July 2, 2014

50 For 50: Five Decades Of The Most Important Employment Discrimination Decisions

Number 50: What Happens When a Boss “Likes” An Employee a Little Too Much?

As we conclude this 50 For 50 series, we look to the future of employment law.  As we see it, the biggest change in the workplace has been the emergence of social media.  According to recent surveys, nearly three-quarters of American adults use social media at work and one-third of those surveyed would refuse a job offer if they knew social media sites would be blocked at work.    

The prevalence of social media raises the obvious question: how will it affect employment discrimination law in the future?  To be sure, most employers want to create a collegial atmosphere for their employees.  While frequent socializing may be inappropriate when it interferes with work, a little socializing can make for a better and more productive workplace. To that end, it is not uncommon to see e-mails floating around the work place that are unprofessional, but what can an employer do when an email or a social media comment amounts to harassment or discrimination?  Co-workers who become “friends” on Facebook or other social media cites may initially feel closer to their cohorts, but becoming friends online can easily lead blurred lines and inappropriate behavior, which may then seep into your business just as quickly and cause chaos.

These blurred lines may also lead to a harassment or discrimination suit.  In 2012, a California court also found an employer could be held liable for outside electronic communications in Espinoza v. County of Orange.  In Espinoza, the plaintiff, who had no fingers on his right hand,  worked for the  Orange County Probation Department.  He was generally able to function, although he could not perform some tasks such as holding a knife or fork with that hand. He was self-conscious about people seeing it and often kept his hand in his pocket.  A person who was not an employee of the defendant started an outside blog and there were repeated comments in reference to plaintiff’s hand, one example being, “I will give anyone 100 bucks if you get a picture of the claw. Just take your hand out of your pocket already!!!!!!!!!!!!!!” Plaintiff told his employer that after the blog came out, several co-workers started to mock his hand while at work.  He eventually left his job, filing a claim against defendant for discrimination based on harassment and discrimination.

A jury awarded the plaintiff a $820,000 verdict in monetary damages for medical expenses, lost earnings, and mental distress, against the employer. On appeal, the court upheld the verdict.  It stated that, although the actual blog posting took place outside of the workplace, “employers do have a duty to take effective measures to stop co-employee harassment when the employer knows or has reason to know that such harassment is part of a pattern of harassment that is taking place in the workplace and in settings that are related to the workplace.”

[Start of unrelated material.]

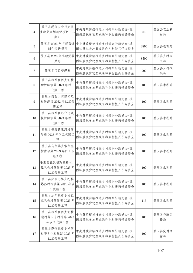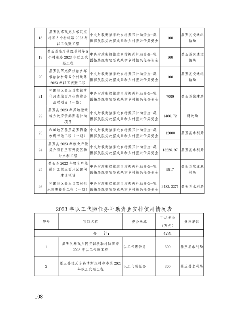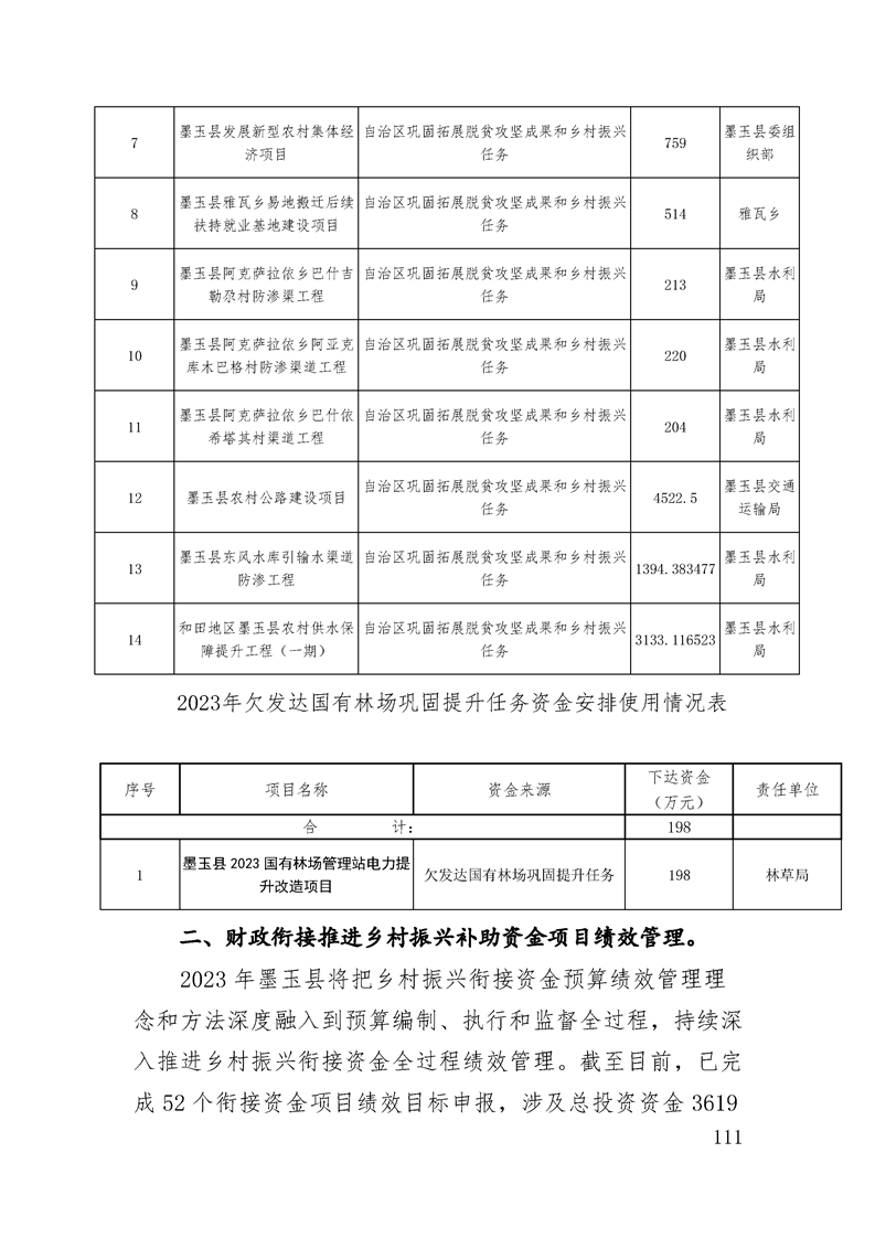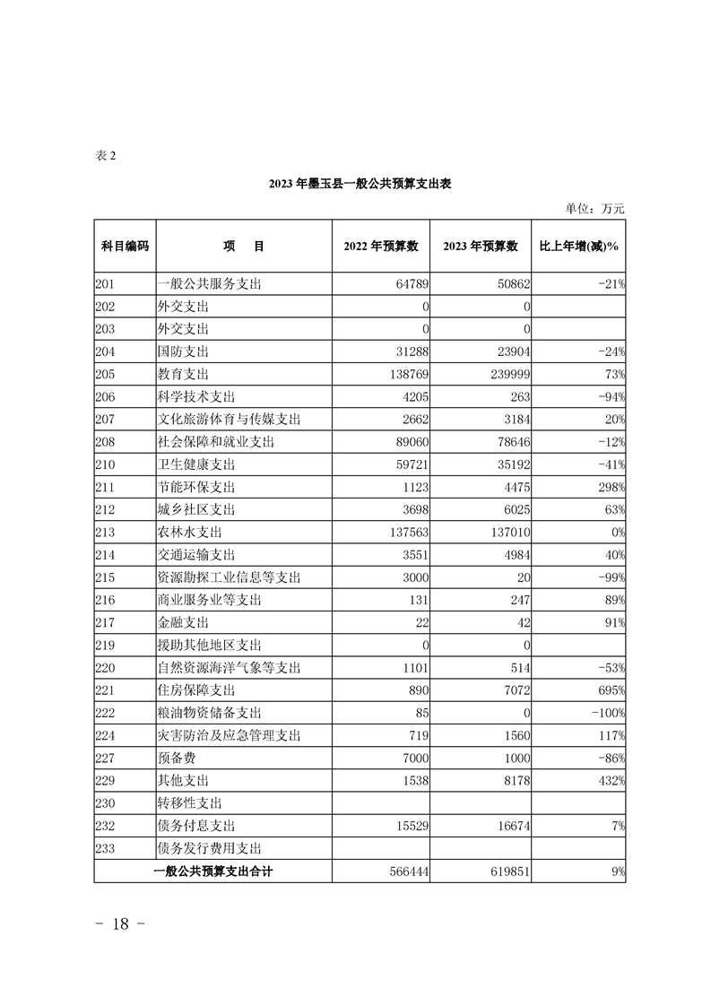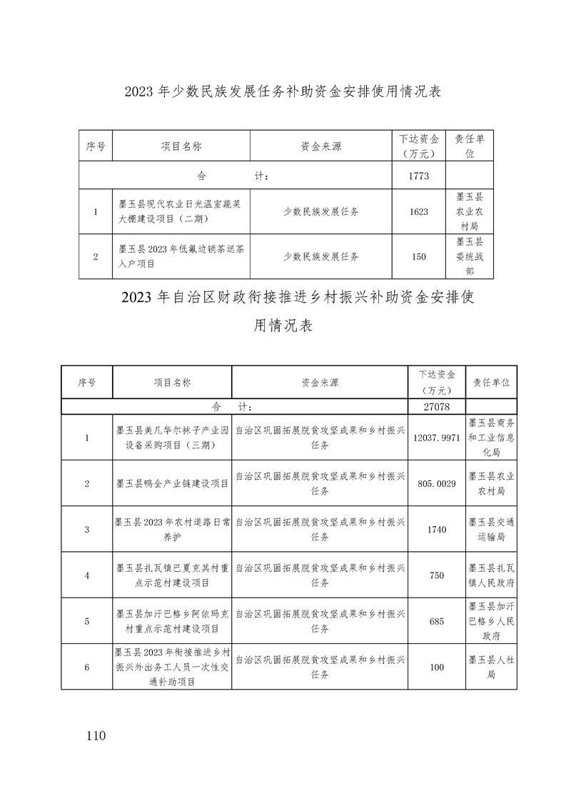 墨玉县2023年政府预算

The best way for an employer to avoid these types of suits is to create a social media policy.  These policies should walk the line between putting employees on notice that they cannot post things online that are demeaning, hurtful or discriminatory related to the company, co-workers, clients, or independent contractor – while also recognizing that the National Labor Relations Act limits an employer’s ability to restrict certain types of speech online.  Complete restriction of online communication is not an option.

And most importantly, when an employer learns of discrimination or harassment taking place online, act swiftly.  Investigate and reprimand any offenders as quickly as possible.  Acting as quickly (or almost as quickly) as the time it takes to send out a tweet may end up saving you a lot of money in the long run.